Improving the usability of Python programs

Logging

It can be useful to print out either a message or the value of some variable, etc., while your code is running. This is quite common and is usually accomplished with a simple call to the print function.

x = 1.234
print("The value of x is {0:0.4f}.".format(x))
The value of x is 1.2340.

Doing this is a good idea to keep track of milestones in your code. That way, both when you are developing your code but also when other users are running the code, they can be notified of an event, progress, or value.

Printing a message is also useful for notifying the user when something is not going as expected. These are all different levels of messaging.

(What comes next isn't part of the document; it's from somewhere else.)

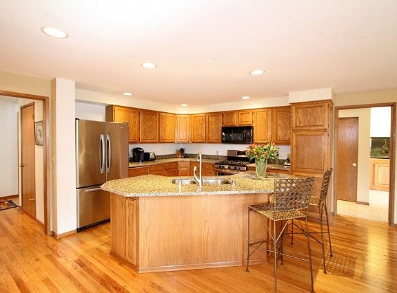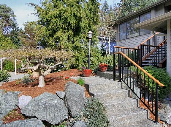 Lovely remodeled home on prominent lot at top of dead-end street offers both privacy & luxury. Private mstr bdrm alone on 2nd level w/balcony & 5-piece bth, jetted tub, walk-in closet. 4th bdrm could be den/office/playrm. New gas range, dshwshr, granite counters in island kitchen & pwdr rm. Big refrig; huge dng, fam & laundry rms; 3 frplcs. Flrs: hrdwd, tile, & new cpt. Lrg storage unit in gar. Sunny Trex deck w/covered, built-in gas BBQ; greenhse; solarium/mud rm; nice, low-maintenance lawn.

Logging is simply engaging in this behavior of printing out messages, with the added feature that you include meta data (e.g., a timestamp, the message category) with the message, as well as a filter where only messages with a high enough level of criticality are actually allowed to be printed.

Logging Basics

The general idea is that there are multiple levels of messages that can be printed. Typically these include:

  1. DEBUG - diagnostic purposes.
  2. INFO - basic information (most common).
  3. WARNING - indicating non-normal behavior.
  4. ERROR - error (the operation cannot continue).
  5. CRITICAL - error (the program cannot continue).

During the initialization portion of your code, you would configure a logger object with a format, where to print messages (e.g., console, file, or both), and what level to use by default. Usually, you would set the default log level to INFO and the debugging messages used for diagnostics would not actually be printed. Then, allow the user to override this with a command line argument (e.g., --debug).

Example Setup

Python has a logging module as part of the standard library. It is very comprehensive and allows the user to heavily customize many parts of the behavior. It is pretty strait forward to implement your own logging functionality; unless you’re doing something special why not use the standard library?

import logging

log = logging.getLogger("ProjectName")

file_handler = logging.FileHandler("path/for/output.log")
console_handler = logging.StreamHandler()

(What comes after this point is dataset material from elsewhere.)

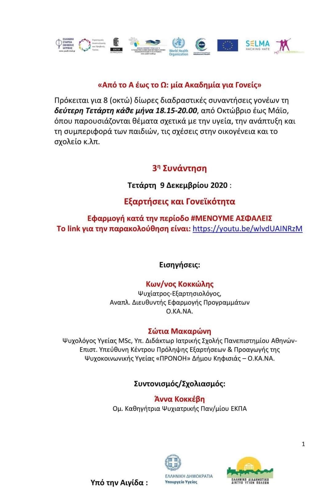 Αφορά μια πρωτοβουλία του Δήμου Καρύστου μέσα από το Πρόγραμμα ‘Από το Α έως το Ω. Μια Ακαδημία για Γονείς” που πραγματοποιείται υπό την αιγίδα του ΕΔΔΥΠΠΥ.

formatter = logging.Formatter("%(levelname)s %(asctime)s %(name)s - %(message)s")
file_handler.setFormatter(formatter)
console_handler.setFormatter(formatter)

log.addHandler(file_handler)
log.addHandler(console_handler)
log.setLevel(logging.INFO)

Then, somewhere in the code:

log.debug("report on some variable")
log.info("notification of milestone")
log.warn("non-standard behavior")
log.error("unrecoverable issue")
log.critical("panic!")
INFO 2018-07-24 09:41:56,683 ProjectName - notification of milestone
WARNING 2018-07-24 09:41:56,835 ProjectName - non-standard behavior
ERROR 2018-07-24 09:41:57,103 ProjectName - unrecoverable issue
CRITICAL 2018-07-24 09:41:57,103 ProjectName - panic!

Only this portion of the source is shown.